Un ouvrage fondateur l’Antidotarium Mesuae

L’Occident chrétien reçoit les formules des confiseries arabes grâce au gigantesque travail de traduction de la littérature médicale musulmane réalisé en Italie et en Espagne dès le 11e siècle. La redécouverte de la médecine grecque via l’héritage arabe est à l’origine du renouveau et de la revalorisation de la discipline en Europe, ainsi que de son introduction dans les universités. Parmi les traités pharmaceutiques inspirés par les grabadins, l’Antidotarium Mesuae, d’un inconnu caché sous le pseudonyme de Mésué1, dévoile les bases de la confiserie occidentale. L’ouvrage est probablement italien et date du 13e siècle. L’auteur manifeste un intérêt particulier pour Avicenne et l’ « anonyme andalou »2 à qui il emprunte diverses recettes de confiseries.

Repris sous le nom d’électuaire, on y retrouve les gawarisnat de l’ « anonyme andalou » sous forme de berlingots ou de fondants à la menthe, au clou de girofle et au musc. Les électuaires aux amandes et aux pignons maghrébo-andalous3 sont eux aussi présents, à ceci près que le sucre y remplace le miel.

Le Pseudo-Mésué s’intéresse également aux fruits confits, comme les zestes de citron confits, dont il emprunte la technique à Avicenne. Il classe logiquement les nougats, les massepains et les guimauves parmi les lochs, traduction des la’uqat arabes. Enfin, ses juleb4, mellites5 et robs6, rappellent ceux du manuscrit anonyme7.

Les livres de confiserie

À l’instar de ce qui s’est passé dans le monde arabe, les recettes de confiserie passent de la pharmacopée aux livres de cuisine. Les formules aux fruits secs, aux zestes d’orange, aux fleurs ou aux coings sont reprises dans le Mesnagier de Paris et le Libro per cuoco du 14e siècle, où on rencontre aussi bien le sucre que le miel.

Au 15e siècle, la confiserie s’émancipe davantage de la pharmacopée et fait désormais l’objet d’un genre littéraire spécifique. Le premier livre de confiserie européen, le Libre de totes manieres de confits, paraît en Catalogne au 15e siècle8.

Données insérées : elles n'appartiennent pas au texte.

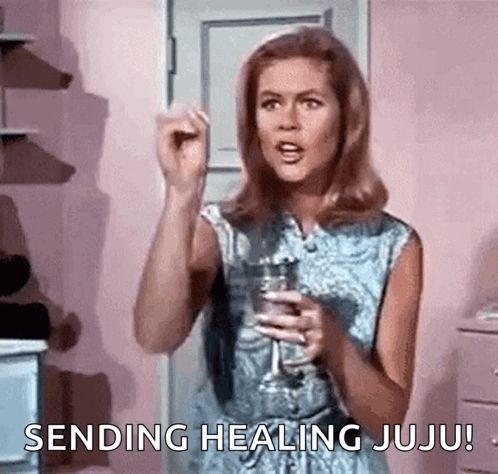 ALT: a woman is holding a glass of wine and sending healing juju !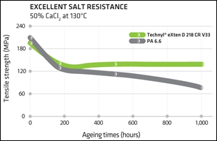 該款新材料最初專為日本和韓國汽車制造商而開發(fā),具有較強的耐氯化鈣特性——氯化鈣是氣候寒冷的國家如俄羅斯最常用的道路化冰鹽。系統(tǒng)供應(yīng)商法雷奧之所以選擇Technyl®eXten,是因為它具有比金屬或其它塑料材料高得多的優(yōu)異性價比。該材料完全通過嚴(yán)格的測試批準(zhǔn),將用于未來雷諾-尼桑新車型的散熱器水室。

Au 16e siècle, en France, les livres de confiture lui emboîtent le pas. Le premier d'entre eux paraît à Paris en 1545 sous le titre Petit traicté contenant la manière pour faire toutes confitures, compostes, vins saulges, muscadetz & autres breuvages, parfunctz savons, muscadz, pouldres, moutardes, & plusieurs autres bonnes recettes. Il se base sur un manuscrit de la fin du 15e siècle qui sera publié sous les titres Manière de faire toutes confitures (1558) et Pratique de faire toutes confitures (1590). Entretemps, le célèbre astronome et apothicaire Nostradamus a publié l’Excellent et Moult utile opuscule à Lyon (1555).

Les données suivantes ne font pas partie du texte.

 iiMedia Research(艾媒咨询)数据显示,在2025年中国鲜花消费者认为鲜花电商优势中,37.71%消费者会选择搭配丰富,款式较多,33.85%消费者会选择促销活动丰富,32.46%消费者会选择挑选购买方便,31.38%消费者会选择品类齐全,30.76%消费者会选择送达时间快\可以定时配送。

Nostradamus1Contrairement à ce qu’on lit parfois, Nostradamus n’est pas le premier auteur européen à donner la recette de fruits confits.
Il est tout de même parmi les premiers à éditer un livre de confiseries, l’Excellent et Moult utile opuscule (1555).


Ces œuvres, héritières à la fois des livres d’économie domestique et des secrets, conservent un aspect hétéroclite. Elles reprennent des recettes de pommades, de savonnettes, de parfums ou de remèdes contre la peste qui côtoient les boissons digestives, les confits au vinaigre et au sel, tout comme des préparations au sucre et au miel. Ces dernières comprennent les confitures et les marmelades, les fruits confits, les dragées de graines aromatiques et d’autres friandises servies d’ordinaire au dernier service du repas, à l’Yssue de table9.

Parmi ces douceurs, les fruits et les légumes confits héritiers des murrabayat arabes tiennent le premier rang dans l’Occident chrétien. Dans l’œuvre de Nostradamus, on en trouve de nombreuses formules à base de zeste de citron et d’orange, de gourde, de noix, de laitue, de cerise, de gingembre, d’amande, de petits limon et orange, de coing, d’écorce de bourrache, de poire et de panicaut10.

Bien entendu, les douceurs de la famille arabe des la’uqat tiennent également le devant de la scène. La friandise composée de poudre d’amande, de sucre et d’eau de rose porte désormais le nom de massepain, mot d’origine incertaine. Le nougat de pignon, quant à lui, est présenté sous le nom de Pignolat. On y trouve encore le Sirop rosat11, des gelées de cerise et de coing, du cotignac, l’antique defrutum qui ne fait pas allusion aux robs arabes, ainsi que le pénide d’Abulcassis12.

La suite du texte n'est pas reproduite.